Location
- 800 Raider Drive Searcy, Arkansas 72143 United States

District information
- Grades: PK–12
- Established: 1991
- Accreditation: AdvancED
- Schools: 4
- NCES District ID: 0508400

Students and staff
- Students: 1,360
- Teachers: 99.33 (on FTE basis)
- Student–teacher ratio: 13.69
- District mascot: Raiders
- Colors: Purple Silver

Other information
- Website: riverviewsd.org

= Riverview School District (Arkansas) =

School district in Arkansas, United States

Riverview School District is a public school district based in Searcy, Arkansas, United States. The Riverview School District provides early childhood, elementary and secondary education for more than 1,300 pre-kindergarten through grade 12 students throughout southeast White County at its campuses in eastern Searcy, Kensett, Judsonia; it serves a far eastern portion of Searcy and almost all of Judsonia. It also serves Griffithville.

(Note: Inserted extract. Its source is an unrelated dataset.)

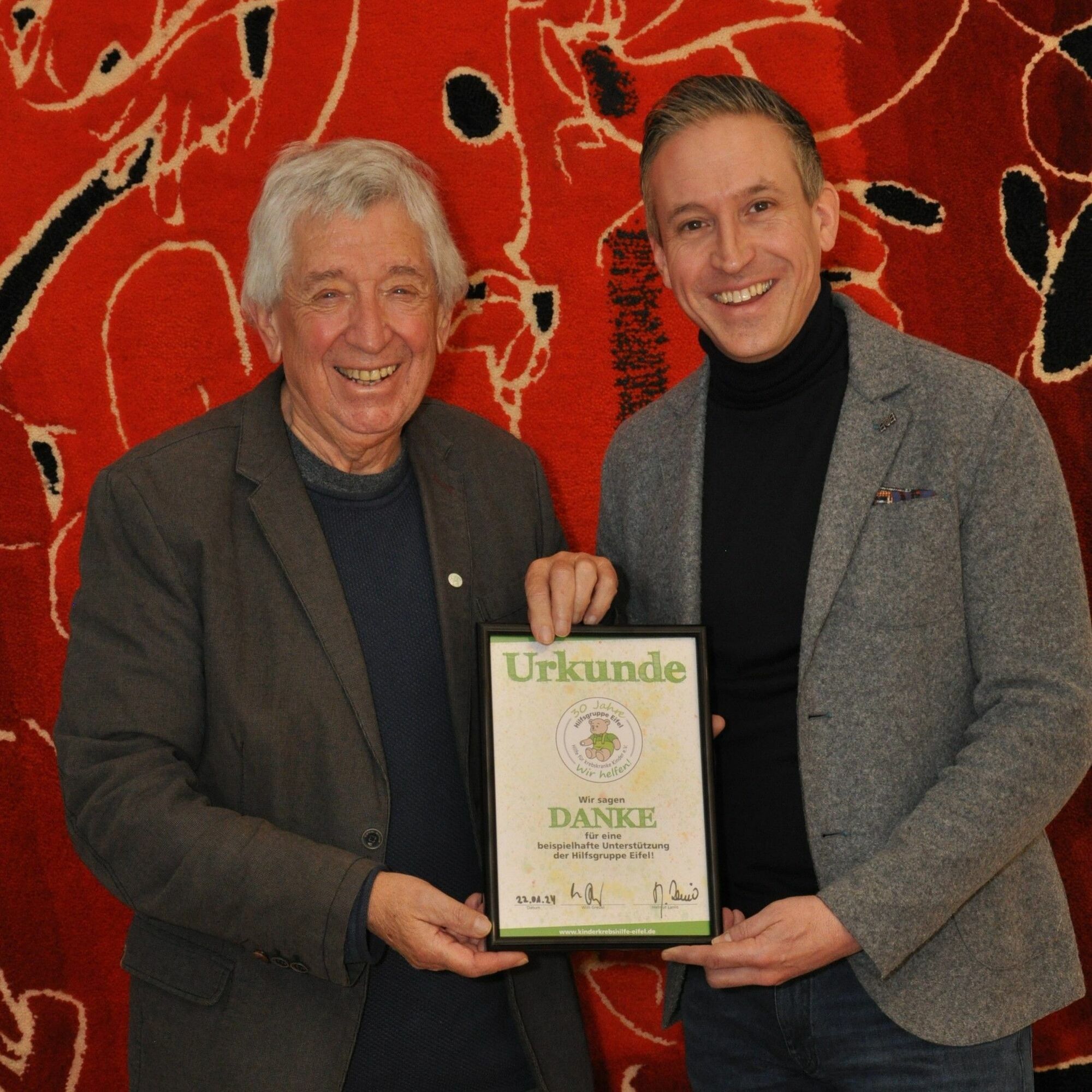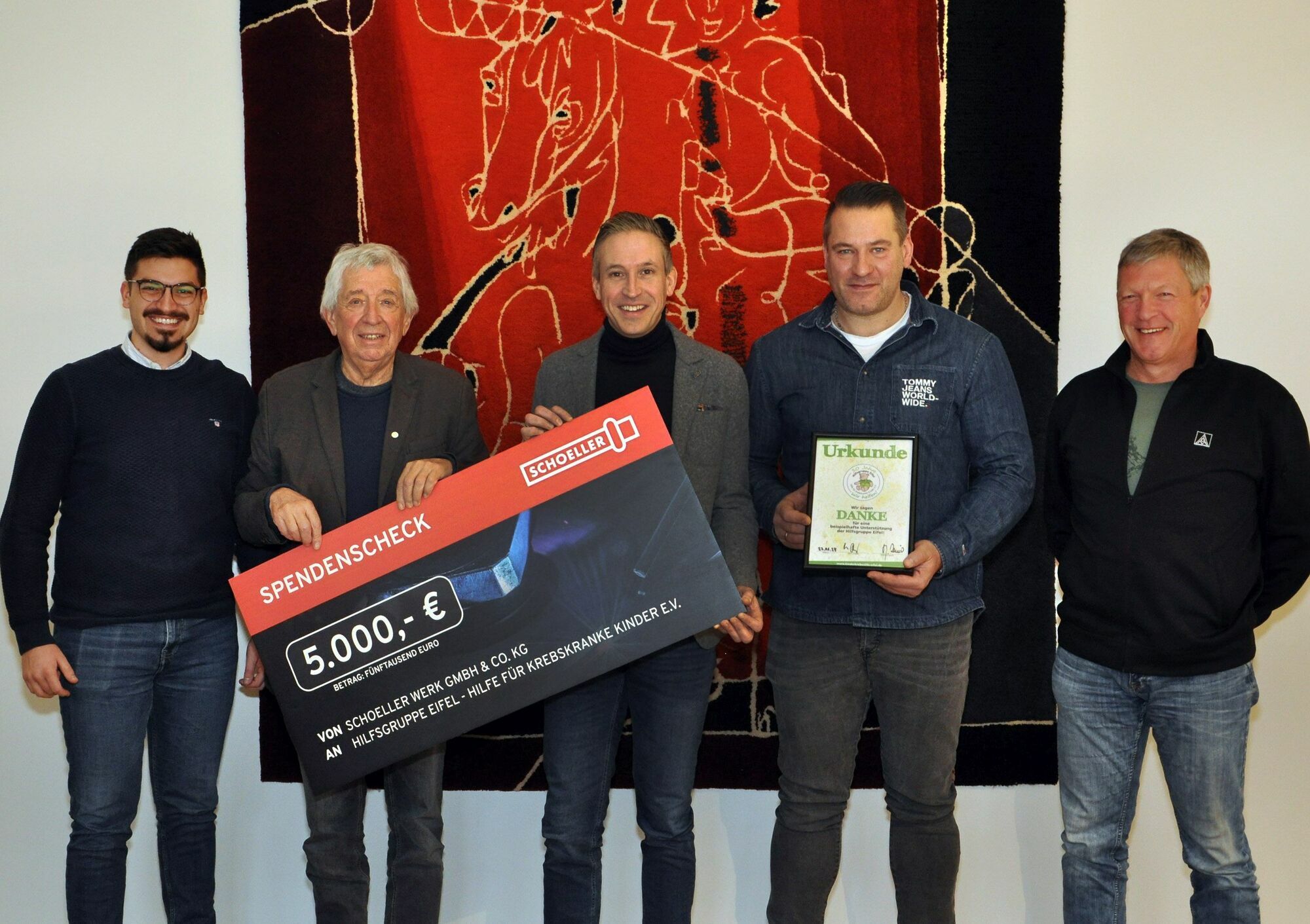Willi Greuel war von den Betriebsräten Manuel Pesch und Johannes Schmal sowie Geschäftsführer Alexander Mertens eingeladen worden, wo der Hilfsgruppe eine Spende von 5000 Euro wurde. Der Vorsitzende übergab seinerseits eine Danksurkunde an das Unternehmen.

Riverview School District is accredited by the Arkansas Department of Education (ADE) with the high school and junior high accredited by AdvancED since 1995.

==History==
The district is the result of a consolidation, effective July 1, 1991, of the Judsonia, Kensett, and Griffithville school districts. The Judsonia district included small eastern portion of Searcy.

== Schools ==
- Riverview High School—serving grades 9 through 12 in Searcy.
- Riverview Junior High School—serving grades 7 and 8 in Searcy.
- Kensett Elementary School—grades pre-kindergarten through grade 6 in Kensett.
- Judsonia Elementary School—serving kindergarten through grade 6 in Judsonia.

Previously the Kensett Middle School was in Kensett.